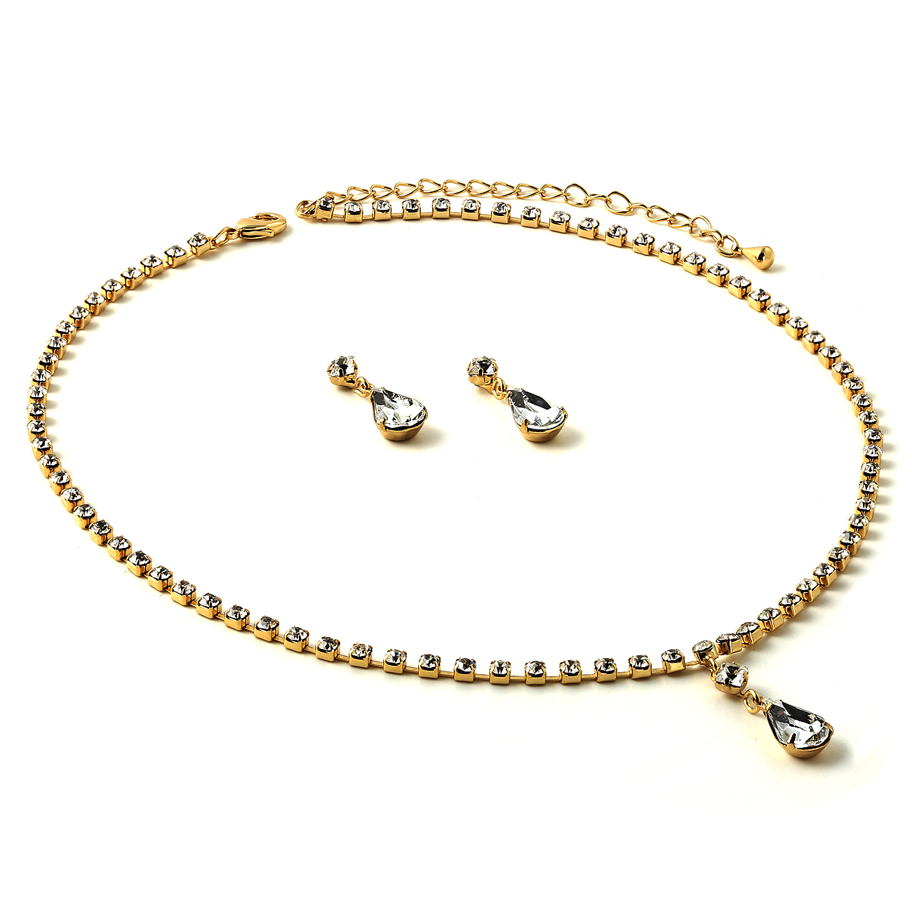 Gold Crystal Rhinestone with Dangle Crystal Teardrop Stone Necklace and Matching Jewelry Set
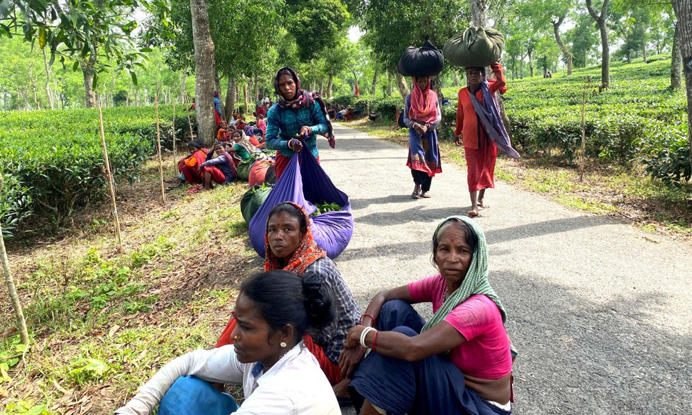 বাগান থেকে নিজেদের সংগ্রহ করা চা পাতা নিয়ে যাচ্ছেন শ্রমিকরা
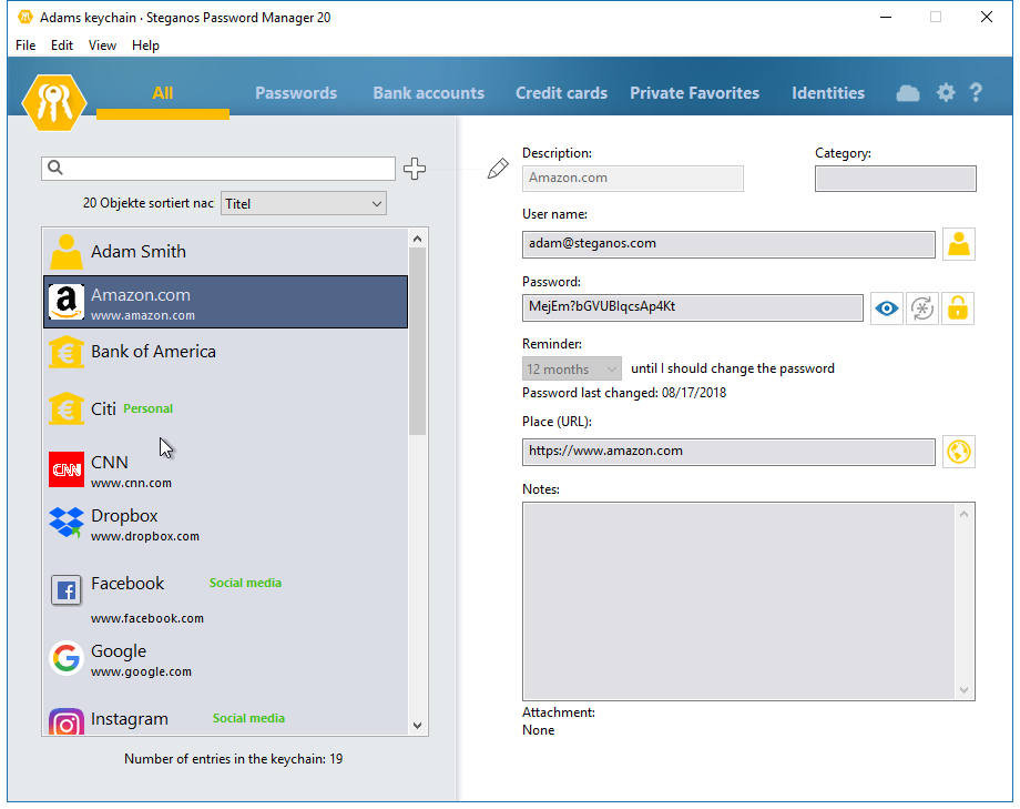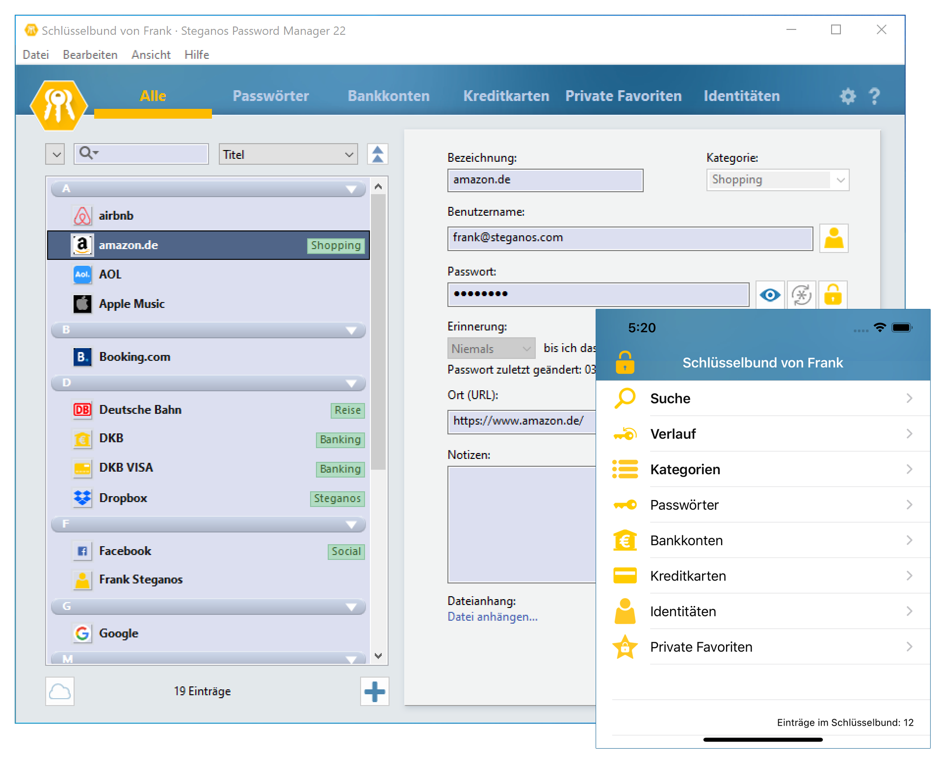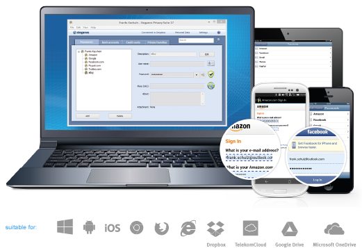 Steganos Password Manager poskytuje pohodlné řešení pro práci s hesly: generuje mimořádně silná hesla, automaticky vkládá hesla do formulářů na internetových stránkách, a hlavně si je pamatuje! Jediné co musíte, je zapamatovat si jedno heslo!
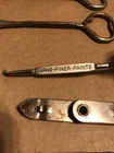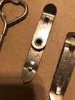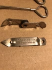 Vintage Can Opener/Bottle Opener Combo 8 Piece Set in Excellent Used Condition. There is some rust on two of the rotary can openers, but nothing that conflicts with its natural movements. The rust is on the main plate and not the cutting wheel on both of the rotary can openers I’m talking about. It is cosmetic. Two of the three are Vaughn’s Safety Roll Jr. can openers, and the third one is a Ekco Miracle Roll 881. The Ekco Miracle Roll 881 also has an attached bottle opener. The small Vaughn solid can opener is foldable. The Lone Star Beer can opener is one solid piece. There are 3 paint can/bottle openers with various paint advertising on the side of each of them. Napko Finer Paints, Pure Paint Products, and Luminall Paints are the three different advertisements stamped on the side of these bottle openers. I tried to show all of these in the pictures, to help display what I am talking about.
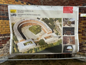 Christine est notre guide française spécialisée pour notre excursion. Nous débutons par un tour de ville en autobus dans le quartier du Kongresshalle où Hitler voulait construire un Colisée. Nous débarquons pour voir l’emplacement de la fameuse tribune du terrain Zeppelin d’où Hitler pouvait sermonner toute une foule de jeunes soldats engagés dans le but de redonner à l’Allemagne sa fierté d’antan…

----

■ REQUIREMENT
Please repeat each line above exactly as it appears, but omit the pictures.

■ OUTPUT FOR THIS TASK
 Gold Crystal Rhinestone with Dangle Crystal Teardrop Stone Necklace and Matching Jewelry Set
 বাগান থেকে নিজেদের সংগ্রহ করা চা পাতা নিয়ে যাচ্ছেন শ্রমিকরা
 Steganos Password Manager poskytuje pohodlné řešení pro práci s hesly: generuje mimořádně silná hesla, automaticky vkládá hesla do formulářů na internetových stránkách, a hlavně si je pamatuje! Jediné co musíte, je zapamatovat si jedno heslo!
 Vintage Can Opener/Bottle Opener Combo 8 Piece Set in Excellent Used Condition. There is some rust on two of the rotary can openers, but nothing that conflicts with its natural movements. The rust is on the main plate and not the cutting wheel on both of the rotary can openers I’m talking about. It is cosmetic. Two of the three are Vaughn’s Safety Roll Jr. can openers, and the third one is a Ekco Miracle Roll 881. The Ekco Miracle Roll 881 also has an attached bottle opener. The small Vaughn solid can opener is foldable. The Lone Star Beer can opener is one solid piece. There are 3 paint can/bottle openers with various paint advertising on the side of each of them. Napko Finer Paints, Pure Paint Products, and Luminall Paints are the three different advertisements stamped on the side of these bottle openers. I tried to show all of these in the pictures, to help display what I am talking about.
 Christine est notre guide française spécialisée pour notre excursion. Nous débutons par un tour de ville en autobus dans le quartier du Kongresshalle où Hitler voulait construire un Colisée. Nous débarquons pour voir l’emplacement de la fameuse tribune du terrain Zeppelin d’où Hitler pouvait sermonner toute une foule de jeunes soldats engagés dans le but de redonner à l’Allemagne sa fierté d’antan…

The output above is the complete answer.